The data below contains pictures, which are to be skipped; the lines starting at the line with "Tel un vengeur" and ending at the line with "教师登录系统后直接看到的画面" are to be output exactly, both ends included.

______

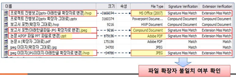 해당 파일 구조를 비교하여 파일 확장자의 이상 유무를 판별, 불일치하는 경우 사용자가 고의적으로 은닉할 수 있으므로 실제 파일을 추출하여 분석
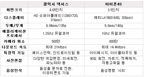 ¶Ç °¶·°½Ã ³Ø¼½º°¡ ´õ ³ôÀº ÇØ»óµµ¿Í Å« ȸéÀ» °®Ãè´Ù. ´Ü, ÀÎÄ¡´ç Çȼ¿¼ö´Â 316ppiÀÇ °¶·°½Ã ³Ø¼½ºº¸´Ù 326ppiÀÇ ¾ÆÀÌÆù4S°¡ ³ô´Ù. Ä«¸Þ¶ó ȼҼöµµ ¾ÆÀÌÆù4S°¡ 800¸¸ ȼҷΠ°¶·°½Ã ³Ø¼½ºÀÇ 500¸¸È¼Òº¸´Ù ¾Õ¼±´Ù.
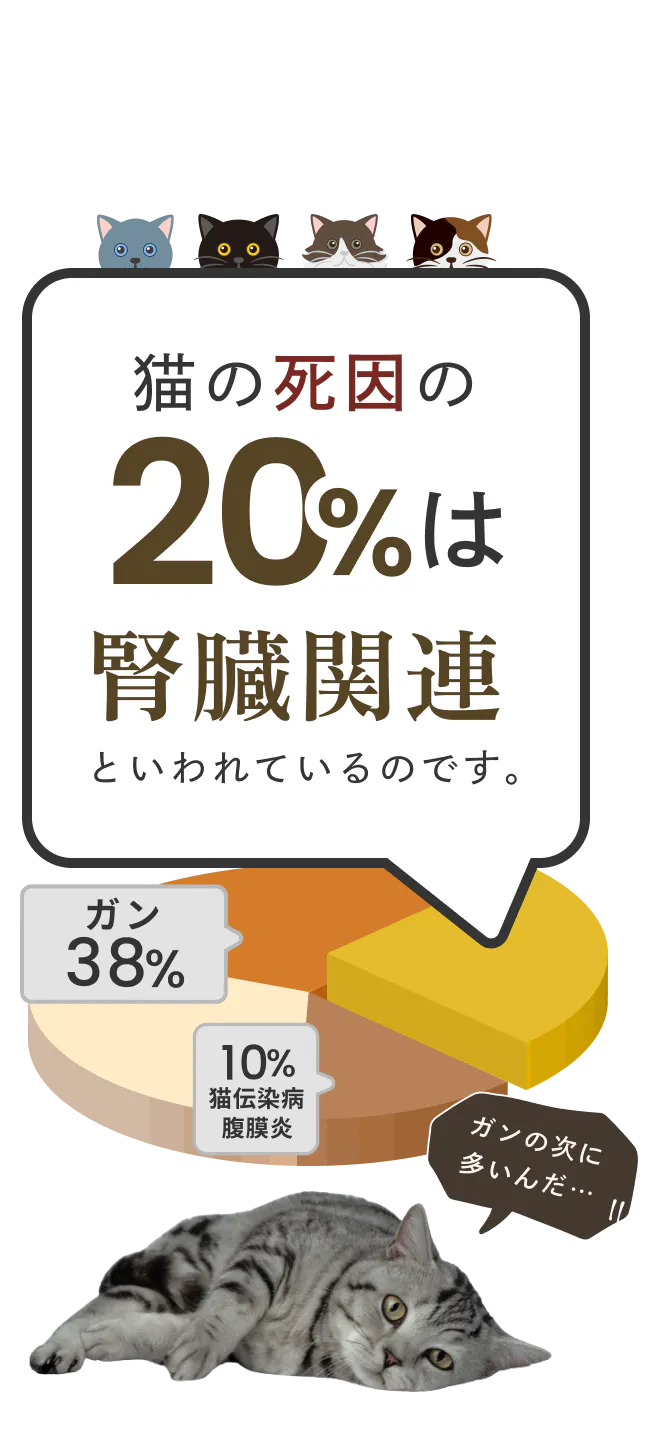 猫の3頭に1頭が、生涯のうちに慢性腎臓病を発症し、死因の約20%を占めています。
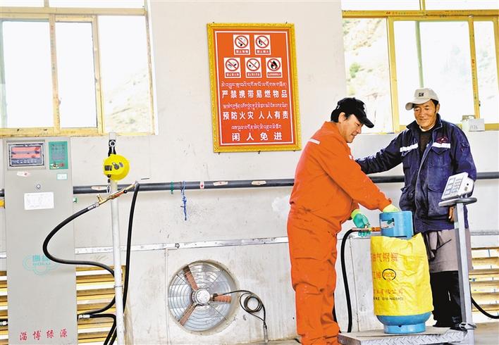 比如縣江然村長廊液化加氣站,61歲的致富帶頭人貢覺才培(左一),正在熟練地和工人給煤氣罐加氣。
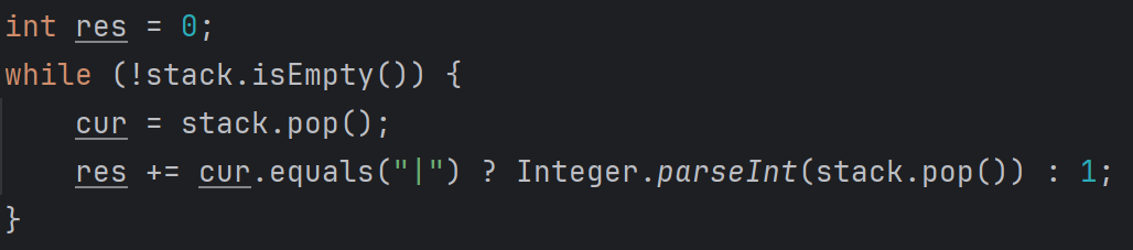 즉, ' | ' 문자 다음으로 pop을 해서 뽑아낸 숫자는, 하나의 문자가 아닌, 숫자의 자릿수이다. 그렇기 때문에 위에서 pop한 문자가 ' | '인 경우에는 다음 수를 뽑아 정수로 변환하고, 그만큼 Q의 길이( lenQ )를 증가시킨 것이다. 주어진 문자열 S에 대해 위의 탐색 과정이 끝났다면, stack에는 하나의 문자 또는 숫자의 자릿수들이 존재한다.
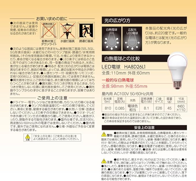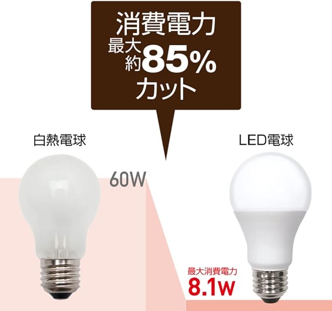 調光機能のついた照明器具に使用可能。白熱電球より低消費電力。
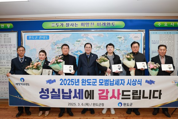 완도군(군수 신우철)은 지난 6일 지방세를 성실하게 납부해 건전한 납세 문화 조성에 앞장선 모범 납세자 5명(법인 1명, 개인 4명)에게 표창패와 모범 납세자 증서를 수여했다.
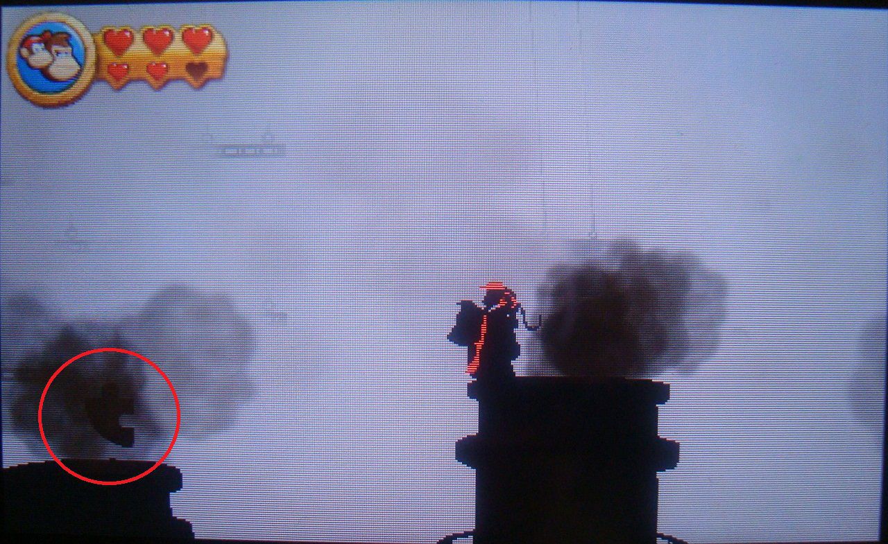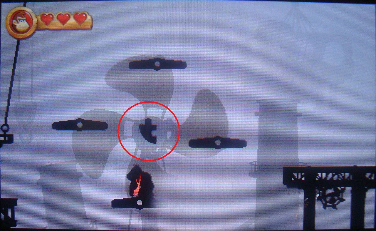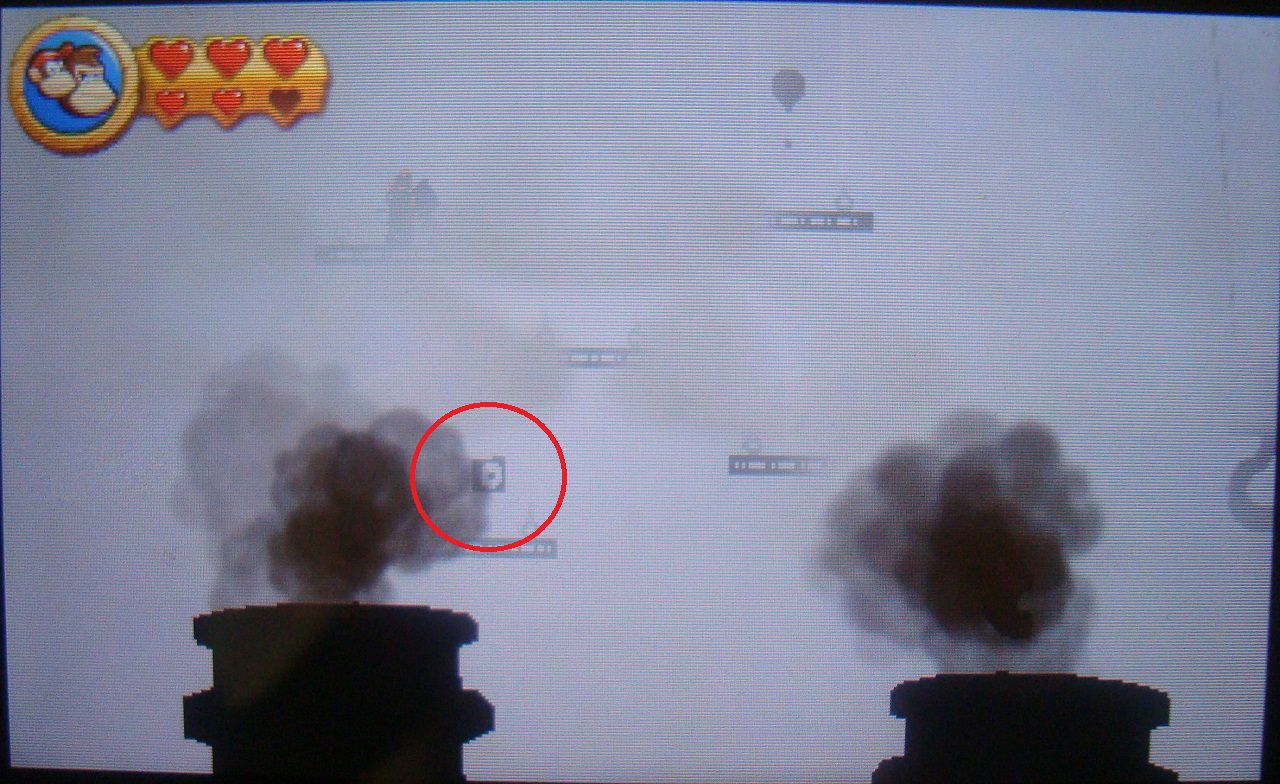 Da media vuelta y sigue el recorrido por la derecha. Sube el pilar haciendo rodar el molino hacia la izquierda y luego salta rápidamente al barril-cañón. Regresarás al fondo del escenario. En el extremo derecho, antes de saltar al barril, sopla hacia la izquierda para revelar la cuarta pieza de puzle.
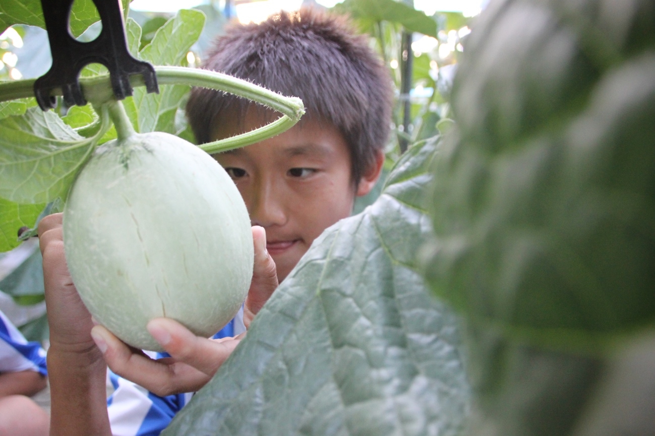 ハウスの中では、まず自分のお気に入りのメロンを探しました。
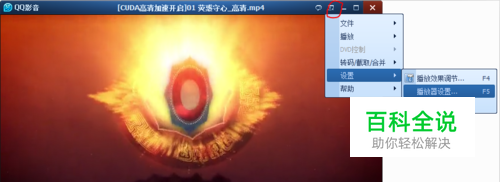 打开QQ影音,点击右上角的选项栏 --> 设置 --> 播放器设置,如图所示:
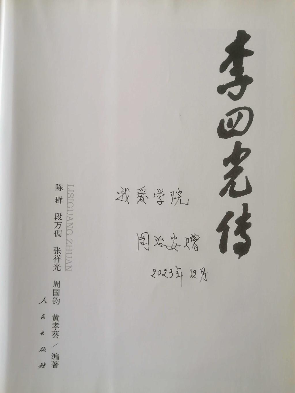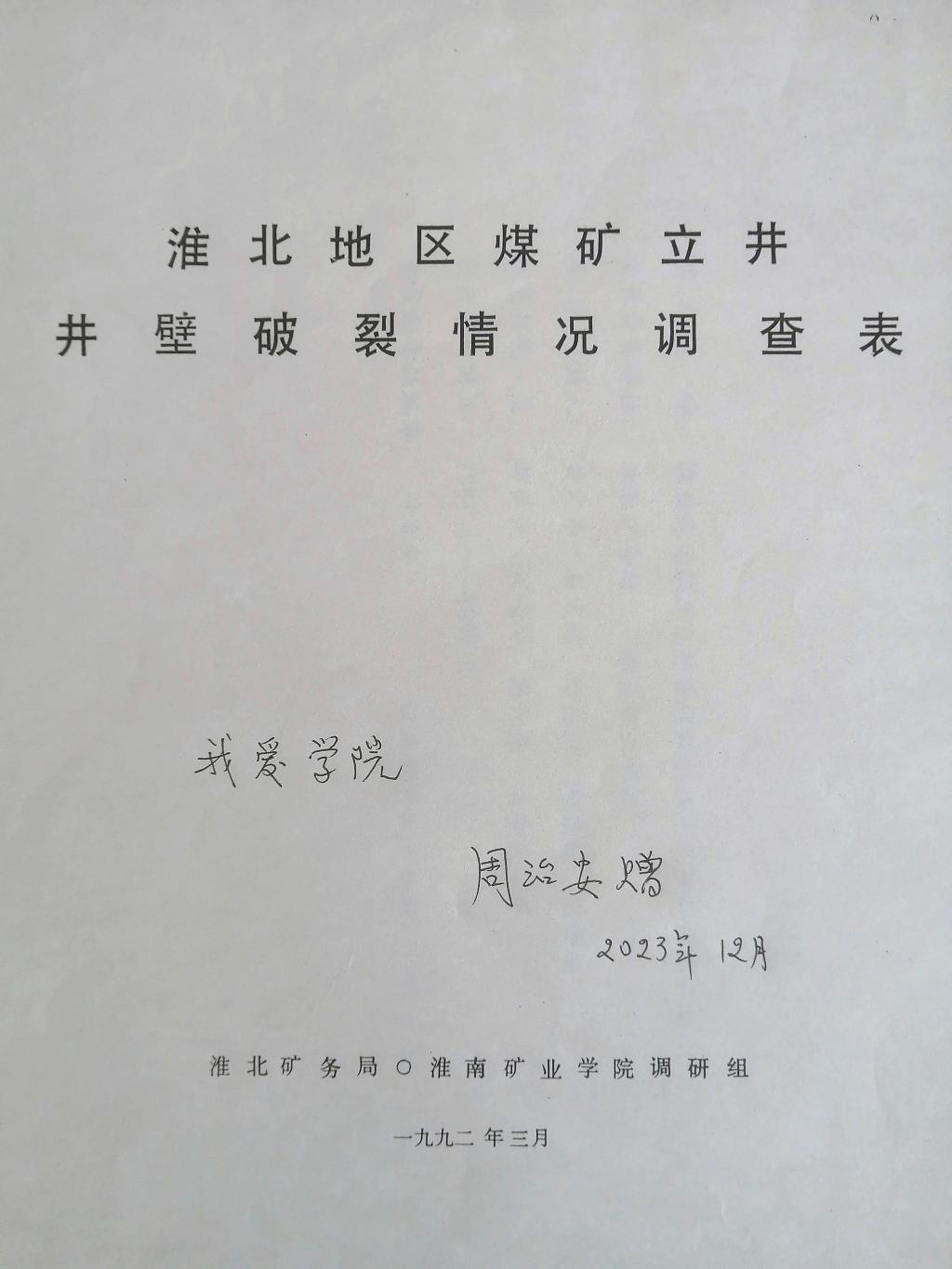 交流中,周治安教授回忆了二十世纪六十年代他被选调地质力学研究所,在李四光同志安排下,在西昌开展地震断裂带调查的点滴,介绍了二十世纪九十年代淮南矿业汤姆影院 调研组在淮北地区开展煤矿立井井壁破裂情况调查的过程。赠书时,他郑重而又深情的在赠物上写下“我爱汤姆影院 ”。
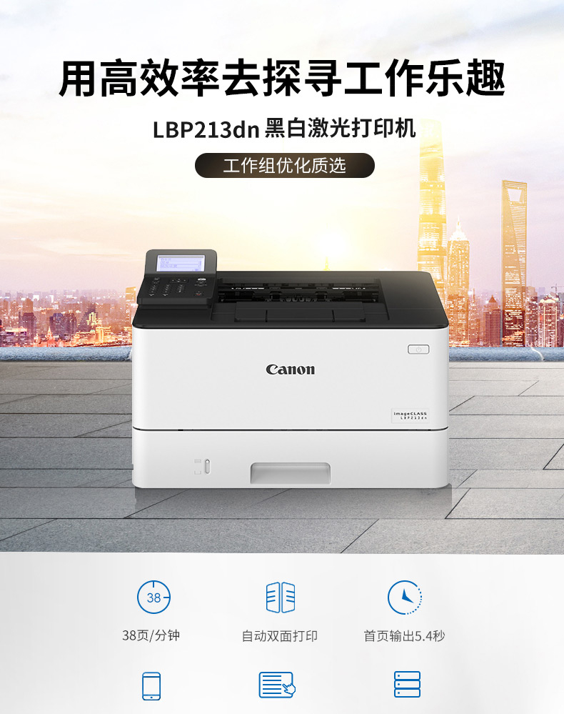 • 商品名称:佳能 CANON IMAGECLASS LBP213DN(无线/有线网络打印/自动双面打印/黑白)激光打印机
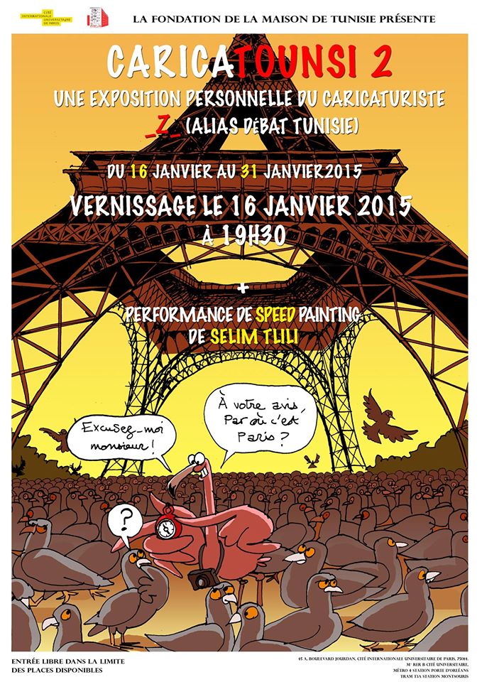 Tel un vengeur masqué on le connais tous sous le pseudonyme : -Z- ( alias Debat Tunisie). Il a pourtant accepté d’exposer dans les locaux de la Fondation de la Maison de Tunisie tout en gardant son anonymat.
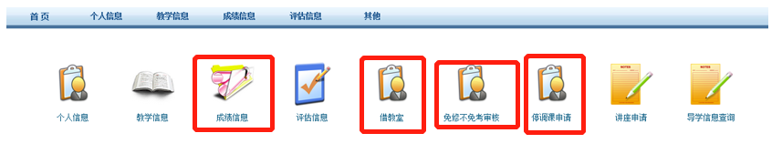 教师登录系统后直接看到的画面,成绩录入在“成绩信息->成绩录入”,教室借用在“借教室”,免修不免考审核在“免修不免考审核” (见图1)。
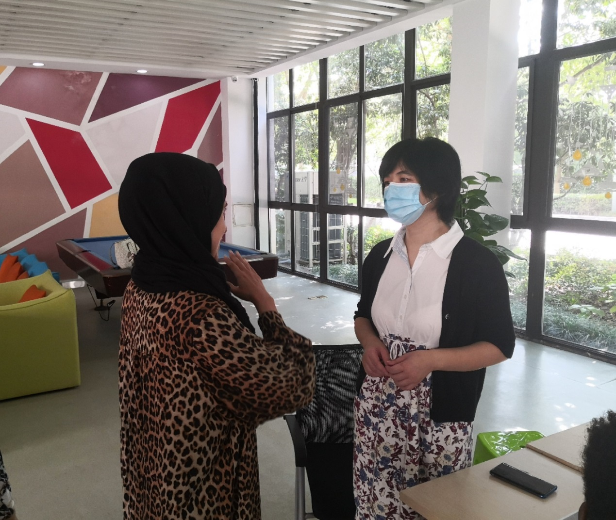 上午9时,同学们陆续来到报到现场,积极配合班主任们完成体温测量,提交返校承诺书、“苏康码”绿码、14天行程轨迹等材料。报到工作严格落实疫情防控的各项要求,班主任们及时疏导人群,用细致的工作、暖心的笑容欢迎每一位丝路人回家。“It's been a long time, I am so excited to meet you again. I miss you, miss our classes...... I miss everything! We are all eager to go back to school!”来自伊朗的马悦茹激动地说。
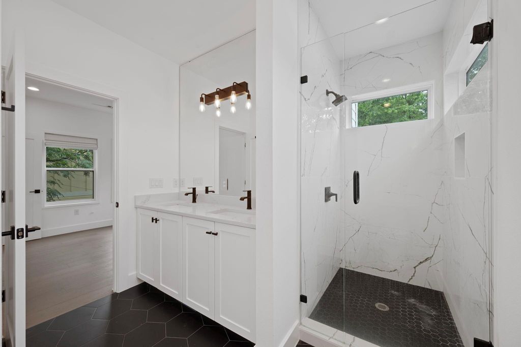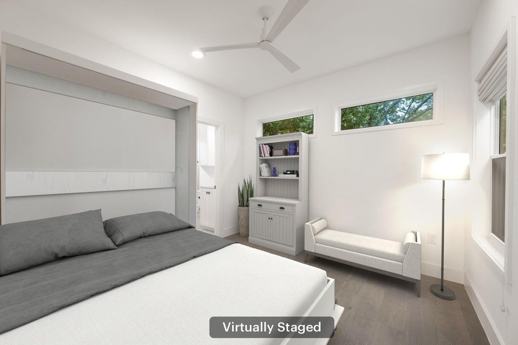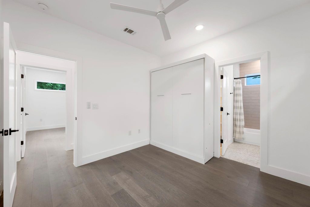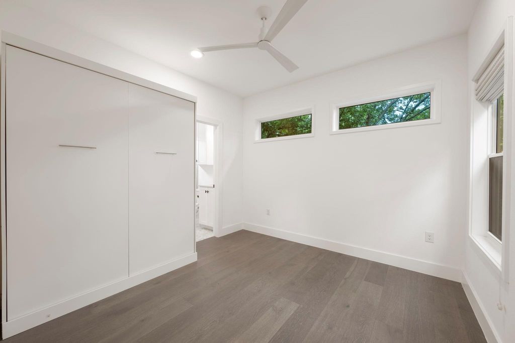 Experience the perfect blend of privacy, style, and efficiency in this beautifully designed home filled with natural light and artistic window placements. Tucked away from the road, this residence offers a serene setting conveniently located near N Lamar Blvd and Burnet Rd. Enjoy the best of both worlds with a private driveway, low-maintenance yard, and a peaceful atmosphere that feels like a secluded treehouse - but with NO HOA dues or onerous rules! Inside, the open layout makes exceptional use of space, featuring sleek hardwood flooring, abundant storage, and high-end finishes throughout. The kitchen is both functional and elegant, showcasing a premium countertop, modern drawer-style microwave, and a stylish chandelier illuminating the living space. Ceiling fans are minimalist and modern, complementing the refined interior. Bamboo-style curtains add an artistic touch throughout the home. Upstairs, both spacious bedrooms boast ensuite baths and walk-in closets. The primary suite includes dual vanities and a stunning walk-in shower with floor-to-ceiling tile and high privacy windows that flood the space with natural light. The secondary bedroom features a queen Murphy bed for versatility in addition to its own private full bath. A half bath is located on the main level for guests' convenience. Outdoor living is effortless with shaded trees, a private yard, and an extended driveway capable of accommodating multiple vehicles. The attached one-car garage offers protection from the elements. With a sophisticated black-and-white exterior, this home is as practical as it is beautiful"”ideal for those seeking comfort, privacy, and a modern aesthetic in a friendly, well-connected neighborhood.
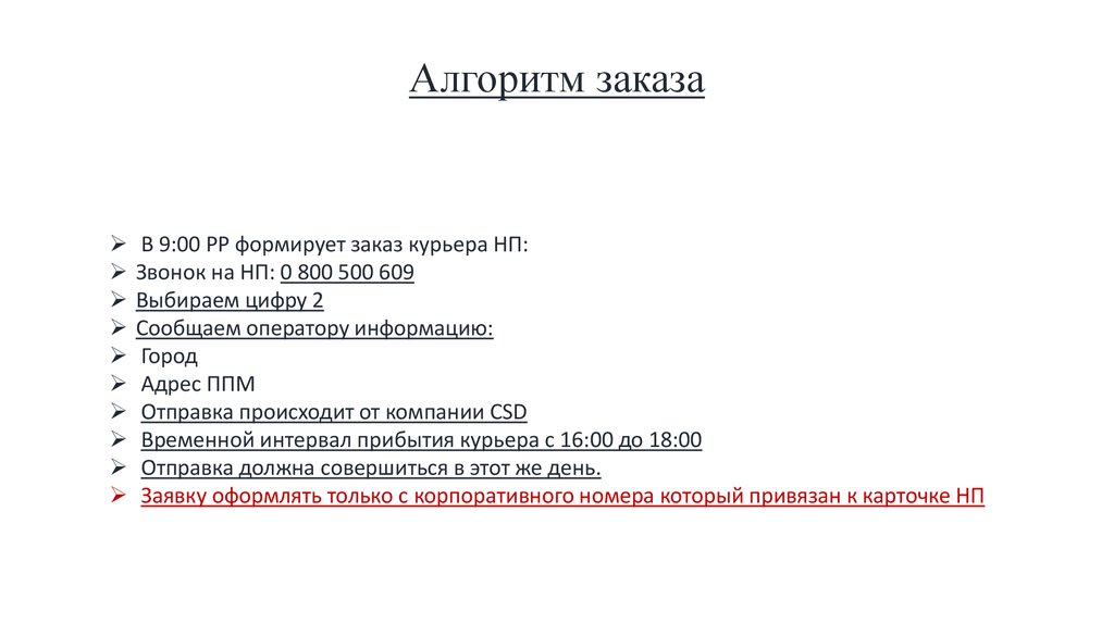 Алгоритм заказаВ 9:00 РР формирует заказ курьера НП:
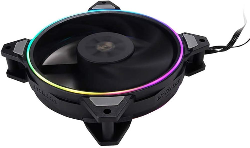 تأثير الإضاءة الدائري القابل للتصوير مكمل بشفرات مروحة سوداء لإضافة لمسة ثابتة لإضاءة RGB في بناء الكمبيوتر. يوفر التصميم ذو الحلقات المزدوجة للمستخدمين خيار التثبيت على أي جانب.

______

Output below ->
 Tel un vengeur masqué on le connais tous sous le pseudonyme : -Z- ( alias Debat Tunisie). Il a pourtant accepté d’exposer dans les locaux de la Fondation de la Maison de Tunisie tout en gardant son anonymat.
 教师登录系统后直接看到的画面,成绩录入在“成绩信息->成绩录入”,教室借用在“借教室”,免修不免考审核在“免修不免考审核” (见图1)。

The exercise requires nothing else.